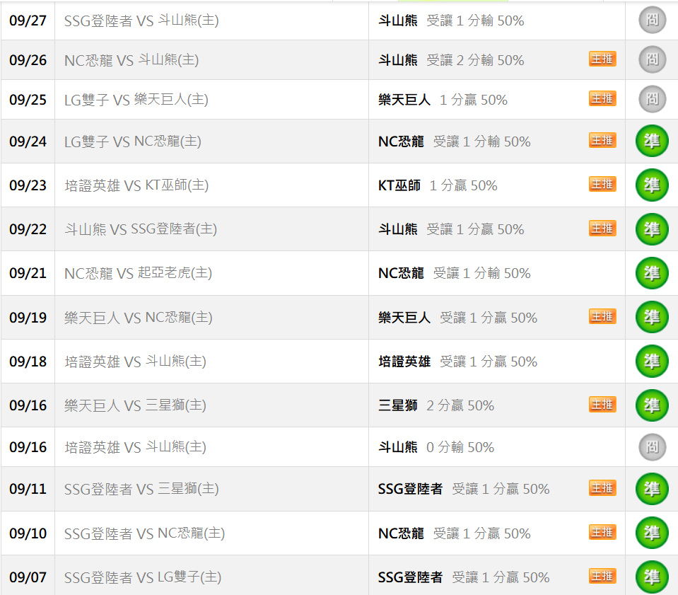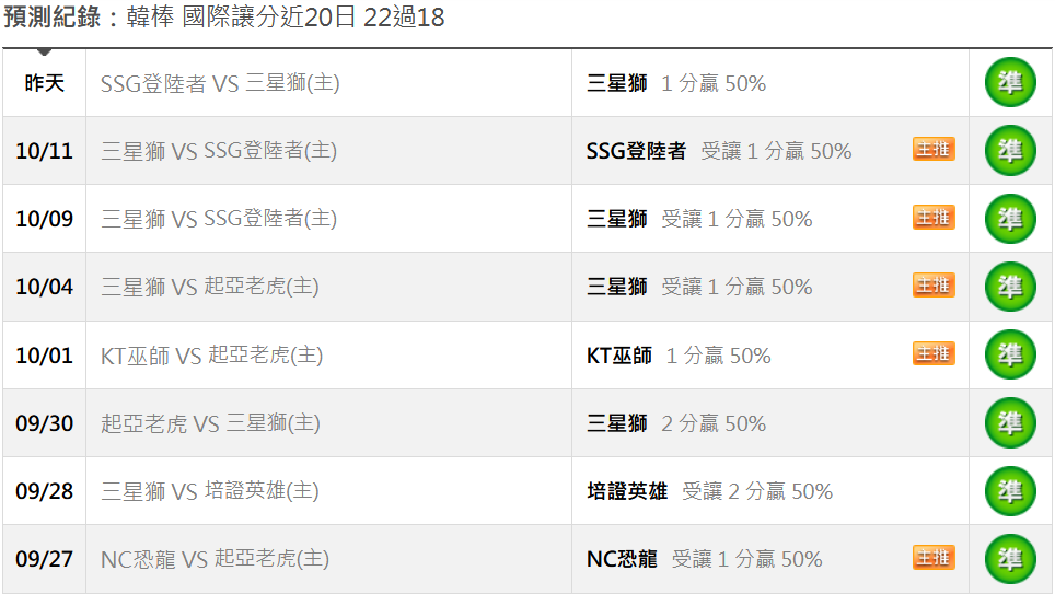 韓國職棒 >> 10/14【國際主推近10過9】【國際讓分 近20日22過18】初盤分享+上半場受讓推薦!!
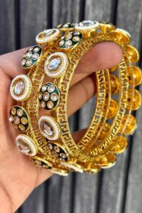 Experience the highest quality handcrafted gold polish bangles — a perfect blend of tradition, elegance, and emotion. Designed for your most special occasions, each set holds the sentiments and cultural beauty cherished by generations, lovingly crafted by our all-women team of skilled artisans. With clean craftsmanship and flawless attention to detail, we honour the emotional connection that comes with ritual and festive adornments.
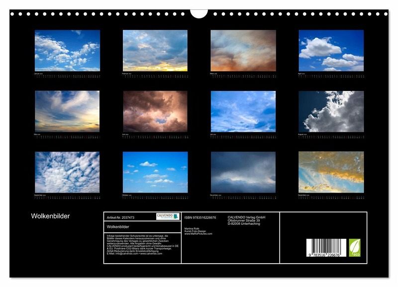 QUALITÄT - Hochwertiger Fotokalender mit 12 wunderschönen Motiven auf lichtbeständigem Bilderdruckpapier, robuste Spiralbindung mit Aufhängebügel.NACHHALTIG - deutliche Abfallreduzierung durch bedarfsgerechte Einzelstückfertigung, umweltfreundliches FSC-zertifiziertes Papier, Produktion in Deutschland, klimabewusste Logistik.PERFEKTES GESCHENK - Kalender für Freunde und Familie, für Kinder und Erwachsene, jung und alt, zu Weihnachten, Geburtstag oder zwischendurch.VIELFALT - Bildkalender in verschiedenen Formaten, z.B. DIN A5, DIN A4, DIN A3 sowie DIN A2. Ob Naturmotiv, Gemälde oder Fotos, ideal für ein persönliches Wohlfühlambiente.Beeindruckende Wolkenbilder von Autor(in): Martina Roth
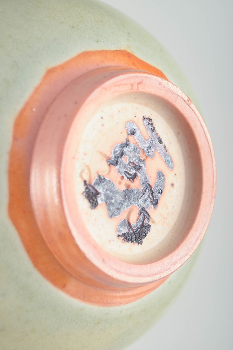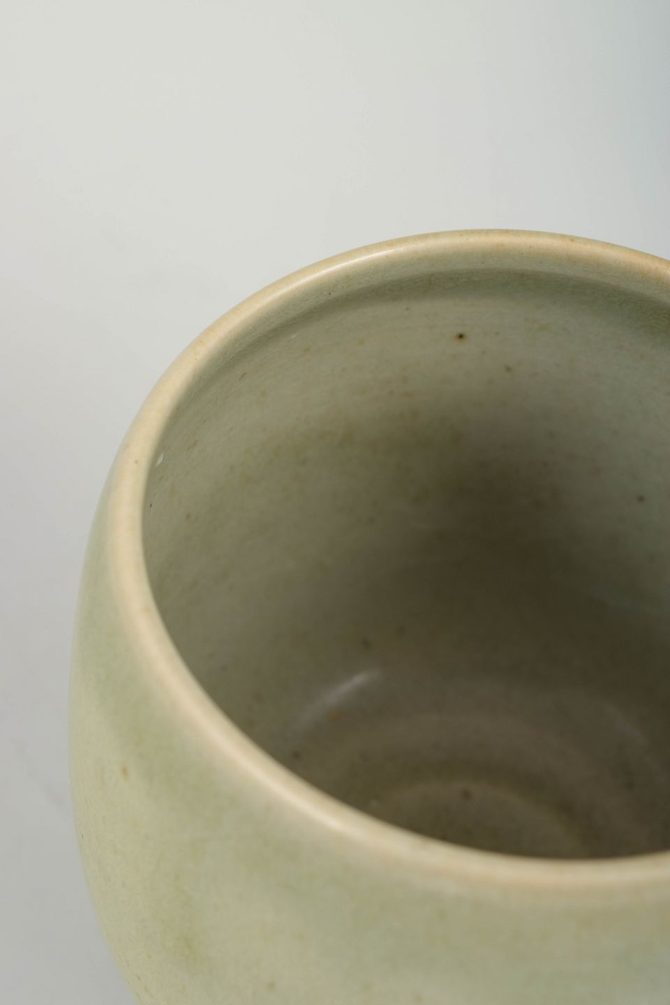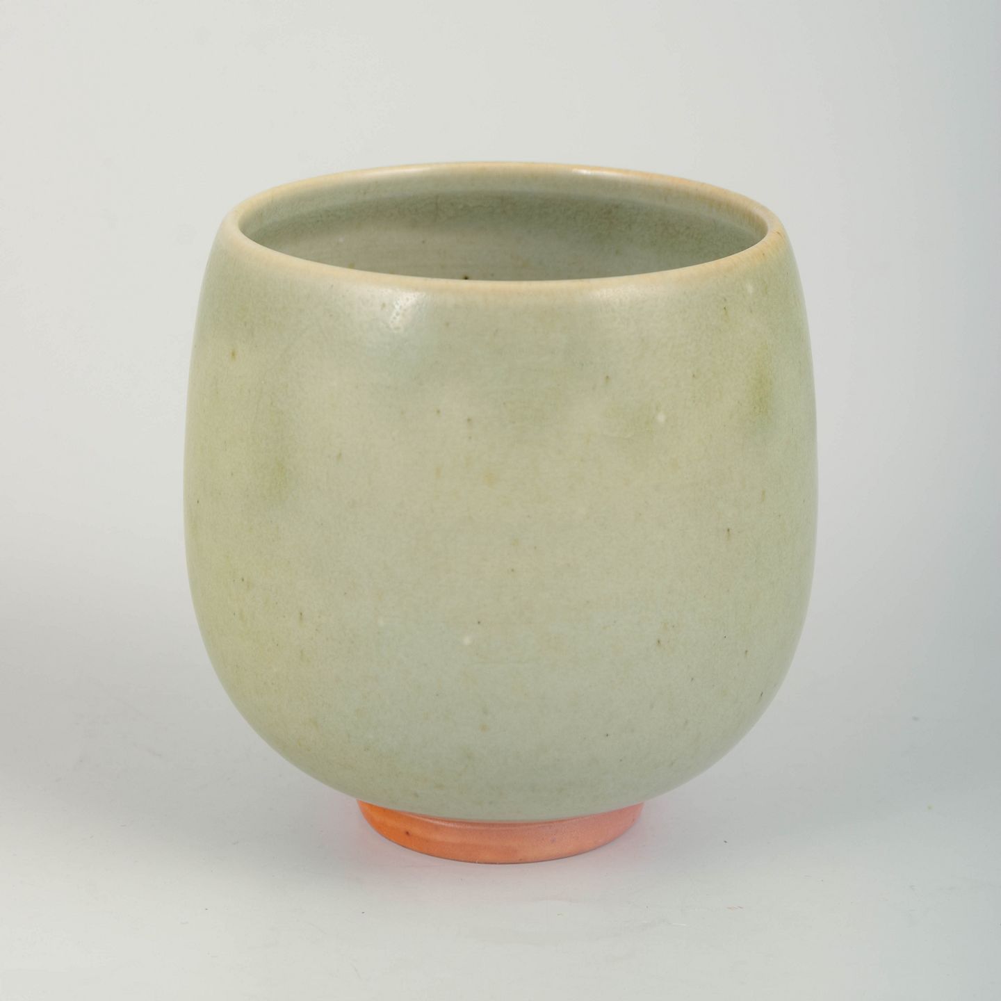 Beautiful hand-thrown unique stoneware vase with a softly rounded form, finished in a subdued, green-tinged celadon glaze with a smooth, even surface. The warm terracotta tone at the foot creates a subtle contrast, characteristic of Palm’s simple and material-focused expression. An elegant example of his more minimal studio work from the period.
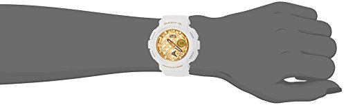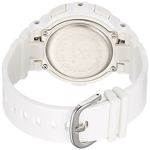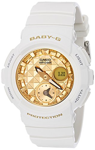Brand, Seller, or Collection Name:Casio Model number:BGA-195M-7ADR (B183) Part Number:BGA-195M-7ADR (B183) Model Year:2017 Item Shape:Round Dial window material type:Mineral Display Type:Analog and digital Clasp:Buckle Case material:Stainless steel Case diameter:40 millimeters Case Thickness:15.5 millimeters Band Material:Rubber Band length:Women's Standard Band width:19 millimeters Band Color:White Dial color:Gold Special features:Light, Shock resistant, World time Movement:Quartz Water resistant depth:100 Meters
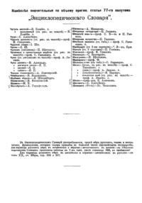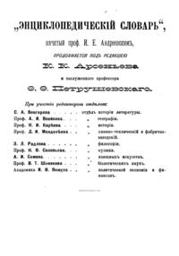 Самая крупная дореволюционная русская универсальная энциклопедия, выпущенная акционерным издательским обществом «Ф. А. Брокгауз — И. А. Ефрон». Состоит из 86 томов (82 основных и 4 дополнительных), выходивших в течение 1890-1907 годов. Первые 8 томов (до буквы «В») вышли под общей редакцией профессора И. Е. Андреевского и в основном содержали переводы на русский язык статей знаменитой немецкой энциклопедии Брокгауза «Konversations Lexikon».
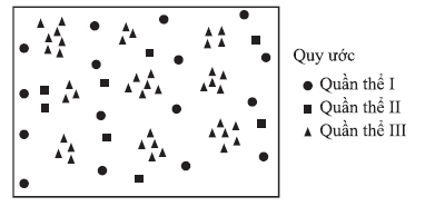 Câu 8 [1099117]: Hình vẽ bên thể hiện sự phân bố cá thể của 3 quần thể sinh vật trong một khu vực khảo sát.

Task objective:
Starting at the line above with "QUALITÄT - Hochwertiger", output every line exactly up to and including the line with "Brand, Seller, or", but none of the pictures.

Task answer:
 QUALITÄT - Hochwertiger Fotokalender mit 12 wunderschönen Motiven auf lichtbeständigem Bilderdruckpapier, robuste Spiralbindung mit Aufhängebügel.NACHHALTIG - deutliche Abfallreduzierung durch bedarfsgerechte Einzelstückfertigung, umweltfreundliches FSC-zertifiziertes Papier, Produktion in Deutschland, klimabewusste Logistik.PERFEKTES GESCHENK - Kalender für Freunde und Familie, für Kinder und Erwachsene, jung und alt, zu Weihnachten, Geburtstag oder zwischendurch.VIELFALT - Bildkalender in verschiedenen Formaten, z.B. DIN A5, DIN A4, DIN A3 sowie DIN A2. Ob Naturmotiv, Gemälde oder Fotos, ideal für ein persönliches Wohlfühlambiente.Beeindruckende Wolkenbilder von Autor(in): Martina Roth
 Beautiful hand-thrown unique stoneware vase with a softly rounded form, finished in a subdued, green-tinged celadon glaze with a smooth, even surface. The warm terracotta tone at the foot creates a subtle contrast, characteristic of Palm’s simple and material-focused expression. An elegant example of his more minimal studio work from the period.
Brand, Seller, or Collection Name:Casio Model number:BGA-195M-7ADR (B183) Part Number:BGA-195M-7ADR (B183) Model Year:2017 Item Shape:Round Dial window material type:Mineral Display Type:Analog and digital Clasp:Buckle Case material:Stainless steel Case diameter:40 millimeters Case Thickness:15.5 millimeters Band Material:Rubber Band length:Women's Standard Band width:19 millimeters Band Color:White Dial color:Gold Special features:Light, Shock resistant, World time Movement:Quartz Water resistant depth:100 Meters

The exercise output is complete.